→ Exercise objective
Pictures do not belong in the copy; restate the records below word for word.

Saved data entries
»»

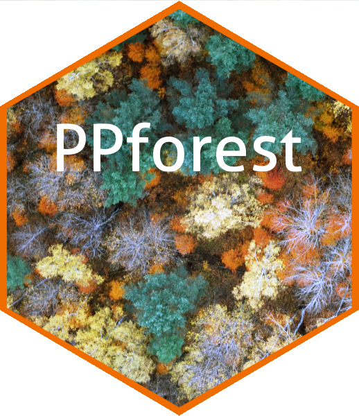 PPforest function runs a projection pursuit random forest.The arguments are a data a data.frame object with the data information, y a character with the name of the class variable. size.tr to specify the proportion of observations using in the training. Using this function we have the option to split the data in training and test internally in the forest and the PPforest object reports both errors. size.tr is the proportion of data used in the training and the test proportion will be 1- size.tr. The number of trees in the forest is specified using the argument m. The argument size.p is the sample proportion of the variables used in each node split, PPmethod is the projection pursuit index to be optimized, two options LDA and PDA are available. The algorithm can be parallelized using parallel and cores arguments.
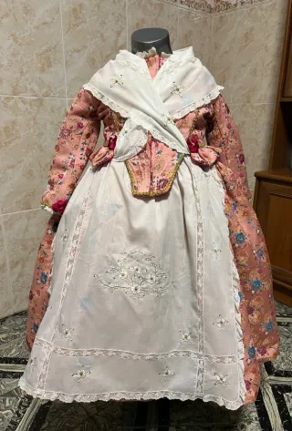 Traje de fallera con un diseño floral muy detallado. - Tejido principal en tono rosa con estampado floral. - Delantal blanco con bordados florales. - Cuello y puños con encaje y detalles. - Adornos en dorado y fucsia. Precio negociable.
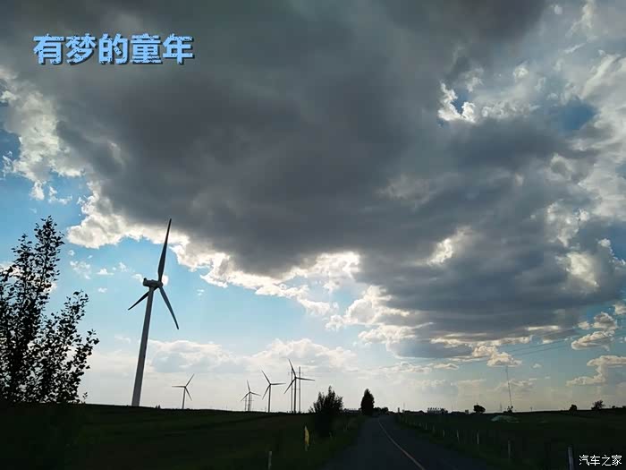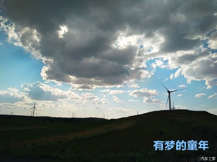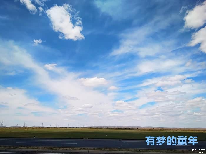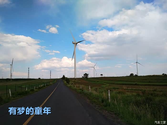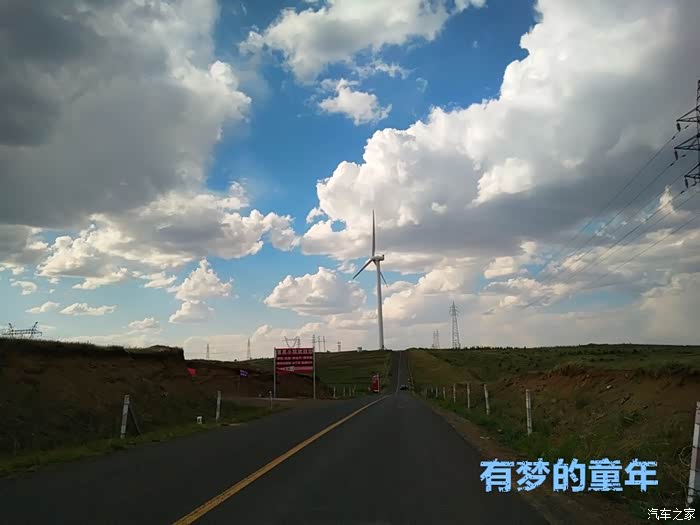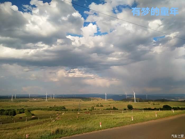 层叠的白云,广阔的草原,连绵的群山,成群的牛羊,随处可见的风车(大风车呀吱扭扭的转……)高低起伏的公路,美啦美啦美啦,醉啦醉啦醉啦
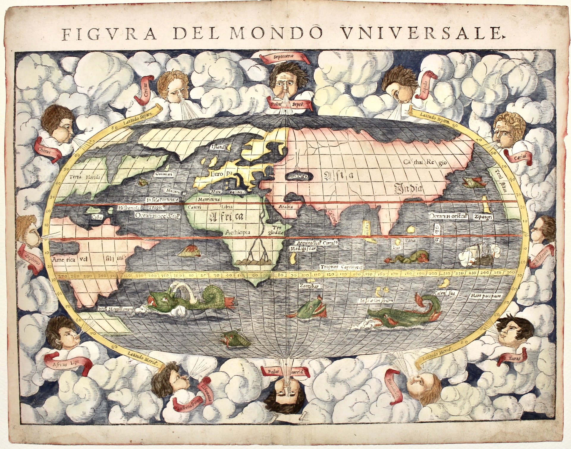 Xilografia, mm 265x380 (foglio mm 310x395), dipinta a mano. Tratta dalla rara edizione italiana della Geographia Universalis, edita nel 1558. Tratta da una edizione italiana della "Cosmographia universalis". Attraente esemplare del secondo planisfero utilizzato da Münster (dal 1550 fino al 1588). Nella parte inferiore non si sviluppa ancora (come nel terzo mappamondo invece) la Terra incognita, un vasto continente che secondo antiche credenze doveva bilanciare le terre emerse dell'emisfero boreale. L'America è ancora nella sua primitiva forma appena abbozzata. La carta in forma ovale è completamente circondata da un'ampia bordura con nuvole e venti animati in forma di putti che soffiano. Negli oceani occhieggiano mostri marini, a sud dello Stretto di Magellano, scoperto meno di due decenni prima della realizzazione di questa carta, si trova una piccola massa terrestre senza toponimo. In questa carta appare una delle prime denominazioni dell'Oceano Pacifico (Mare Pacificum).<BR>Münster fu un brillante polimatico e uno dei più importanti intellettuali dell'epoca rinascimentale. Formatosi a Tubinga, i suoi quaderni universitari sopravvissuti, il Kollegienbuch, rivelano una mente dalla curiosità insaziabile, soprattutto per quanto riguarda la cosmografia. In seguito Münster divenne professore di ebraico a Heidelberg e poi, dal 1529, all'Università di Basilea. Negli anni Trenta del Quattrocento si dedicò alla traduzione della Geografia di Tolomeo, aggiungendo nuovo materiale relativo alle nuove terre scoperte in Africa, nelle Americhe e in Asia. Il risultato fu la pubblicazione della sua apprezzata Geographia Universalis, stampata per la prima volta nel 1540. Fu anche un innovatore per quanto riguarda il design e l'impaginazione delle mappe, e fu uno dei primi a creare uno spazio sui suoi blocchi di legno per l'inserimento dei nomi dei luoghi in caratteri metallici. <BR>Buon esemplare che presenta dei difetti del tempo (piccoli forellini in lastra e al margine sup.) reintegro cartaceo parziale ai margini laterali. Shirley, The mapping of the world, 92. <BR>An attractive example of the rare 1558 italian edition of Sebastian Munster's map of the world. Munster presents us with an expansive view the world with a number of interested cartographic features. Along the bottom of the map the dramatic unknown southern continent (Terra Australis Nondum Congnita) stretches to include the discovered lands of Tierra de Fuego and what appears to be a proto-Australia. South America bears the characteristic western budge in the vicinity of Chile that appeared on many early maps. The cartographer also maps a impressive and seemingly navigable northwest and northeast passages. The map is oval in form and surrounded by elaborate vine and leave engraving. The verso contains italian text describing the earth. Buon esemplare che presenta un reintegro cartaceo parziale ai margini laterali<BR>
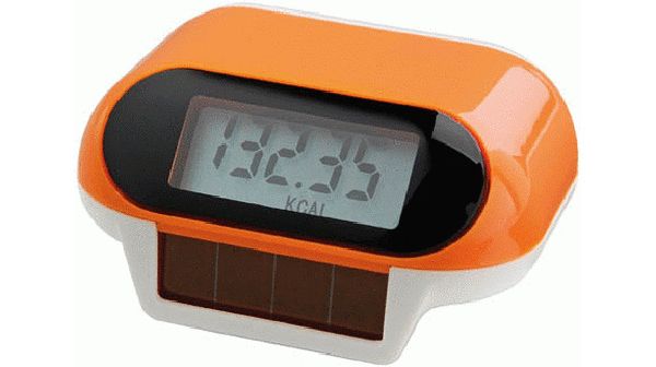 Solar Pedometer. Solar powered pedometer featuring steps, travelled distance and burnt calories in different formats.
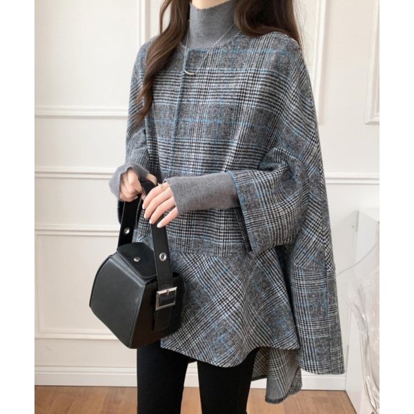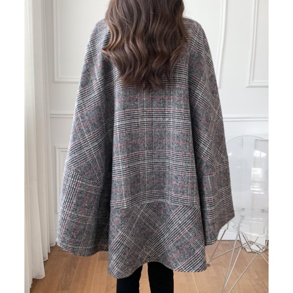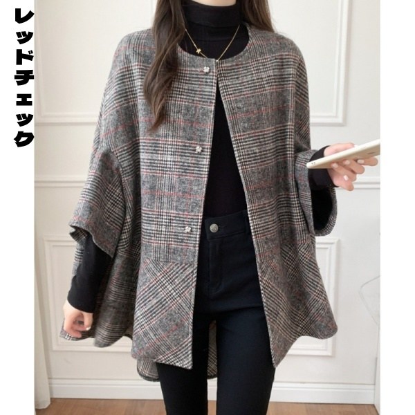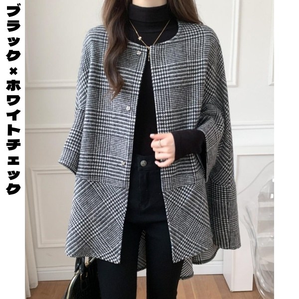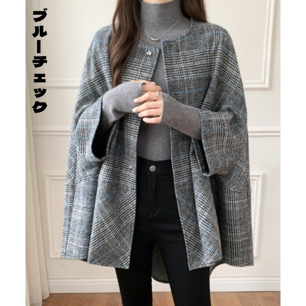 コート レディース ポンチョ風ケープデザイン ミドル丈 カーディガン アウター チェック柄 ウールブ 秋冬

««

→ Answer below
 PPforest function runs a projection pursuit random forest.The arguments are a data a data.frame object with the data information, y a character with the name of the class variable. size.tr to specify the proportion of observations using in the training. Using this function we have the option to split the data in training and test internally in the forest and the PPforest object reports both errors. size.tr is the proportion of data used in the training and the test proportion will be 1- size.tr. The number of trees in the forest is specified using the argument m. The argument size.p is the sample proportion of the variables used in each node split, PPmethod is the projection pursuit index to be optimized, two options LDA and PDA are available. The algorithm can be parallelized using parallel and cores arguments.
 Traje de fallera con un diseño floral muy detallado. - Tejido principal en tono rosa con estampado floral. - Delantal blanco con bordados florales. - Cuello y puños con encaje y detalles. - Adornos en dorado y fucsia. Precio negociable.
 层叠的白云,广阔的草原,连绵的群山,成群的牛羊,随处可见的风车(大风车呀吱扭扭的转……)高低起伏的公路,美啦美啦美啦,醉啦醉啦醉啦
 Xilografia, mm 265x380 (foglio mm 310x395), dipinta a mano. Tratta dalla rara edizione italiana della Geographia Universalis, edita nel 1558. Tratta da una edizione italiana della "Cosmographia universalis". Attraente esemplare del secondo planisfero utilizzato da Münster (dal 1550 fino al 1588). Nella parte inferiore non si sviluppa ancora (come nel terzo mappamondo invece) la Terra incognita, un vasto continente che secondo antiche credenze doveva bilanciare le terre emerse dell'emisfero boreale. L'America è ancora nella sua primitiva forma appena abbozzata. La carta in forma ovale è completamente circondata da un'ampia bordura con nuvole e venti animati in forma di putti che soffiano. Negli oceani occhieggiano mostri marini, a sud dello Stretto di Magellano, scoperto meno di due decenni prima della realizzazione di questa carta, si trova una piccola massa terrestre senza toponimo. In questa carta appare una delle prime denominazioni dell'Oceano Pacifico (Mare Pacificum).<BR>Münster fu un brillante polimatico e uno dei più importanti intellettuali dell'epoca rinascimentale. Formatosi a Tubinga, i suoi quaderni universitari sopravvissuti, il Kollegienbuch, rivelano una mente dalla curiosità insaziabile, soprattutto per quanto riguarda la cosmografia. In seguito Münster divenne professore di ebraico a Heidelberg e poi, dal 1529, all'Università di Basilea. Negli anni Trenta del Quattrocento si dedicò alla traduzione della Geografia di Tolomeo, aggiungendo nuovo materiale relativo alle nuove terre scoperte in Africa, nelle Americhe e in Asia. Il risultato fu la pubblicazione della sua apprezzata Geographia Universalis, stampata per la prima volta nel 1540. Fu anche un innovatore per quanto riguarda il design e l'impaginazione delle mappe, e fu uno dei primi a creare uno spazio sui suoi blocchi di legno per l'inserimento dei nomi dei luoghi in caratteri metallici. <BR>Buon esemplare che presenta dei difetti del tempo (piccoli forellini in lastra e al margine sup.) reintegro cartaceo parziale ai margini laterali. Shirley, The mapping of the world, 92. <BR>An attractive example of the rare 1558 italian edition of Sebastian Munster's map of the world. Munster presents us with an expansive view the world with a number of interested cartographic features. Along the bottom of the map the dramatic unknown southern continent (Terra Australis Nondum Congnita) stretches to include the discovered lands of Tierra de Fuego and what appears to be a proto-Australia. South America bears the characteristic western budge in the vicinity of Chile that appeared on many early maps. The cartographer also maps a impressive and seemingly navigable northwest and northeast passages. The map is oval in form and surrounded by elaborate vine and leave engraving. The verso contains italian text describing the earth. Buon esemplare che presenta un reintegro cartaceo parziale ai margini laterali<BR>
 Solar Pedometer. Solar powered pedometer featuring steps, travelled distance and burnt calories in different formats.
 コート レディース ポンチョ風ケープデザイン ミドル丈 カーディガン アウター チェック柄 ウールブ 秋冬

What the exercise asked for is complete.